The great credit boom-and-bust cycle of the early twenty-first century was a typical bubble. It had its supporters and early detractors; there were the usual tortured rationales to explain what was unusual economic behavior; and there was a land rush to grab short-term profits despite increasingly obvious risks. As is often the case, it went on much longer than one would have reasonably expected.

One aspect of this credit boom, however, stands out as particularly unusual: the astonishing shift in the fundamental basis of credit transactions.

Throughout the history of human finance, the underlying premise of any lending, credit, or financing—indeed, all loans, mortgages, and debt instruments—has always been the borrower's ability to repay the loan. It is the most basic aspect of all finance.

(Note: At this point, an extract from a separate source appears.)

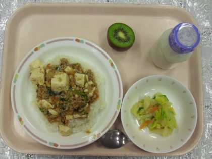 メニューは、麻婆豆腐丼、ラー白菜、キユイフルーツ、牛乳でした。
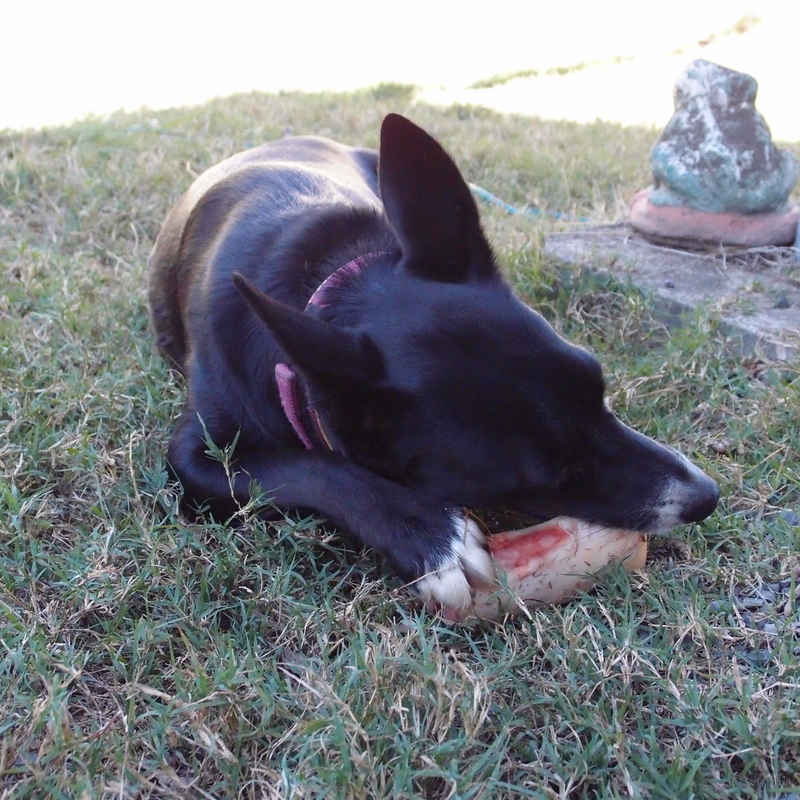The butcher arrived at 7am, and we kept Taz inside for most of the day, but by 1pm I thought she might need to come outside for a wee. Of course she then had to check out what the butcher was doing, but she left him alone when we gave her a bone to chew on.

This system of economic transactions goes as far back as when Og lent the guy in the next cave a dozen clamshells so he could purchase that newfangled wheel. If Og didn't have a reasonable basis to expect his neighbor would be able to service that debt—Is he a good hunter? Is he trustworthy? Will he be able to repay those clamshells?—he never would've entered into what was the first commercial loan.

From 1 million b.c. up until the present day, the ability to repay the debt has always been the dominant factor—except, however, for a brief five-year period starting around 2002. During that short era, the fundamental basis of all credit transactions ...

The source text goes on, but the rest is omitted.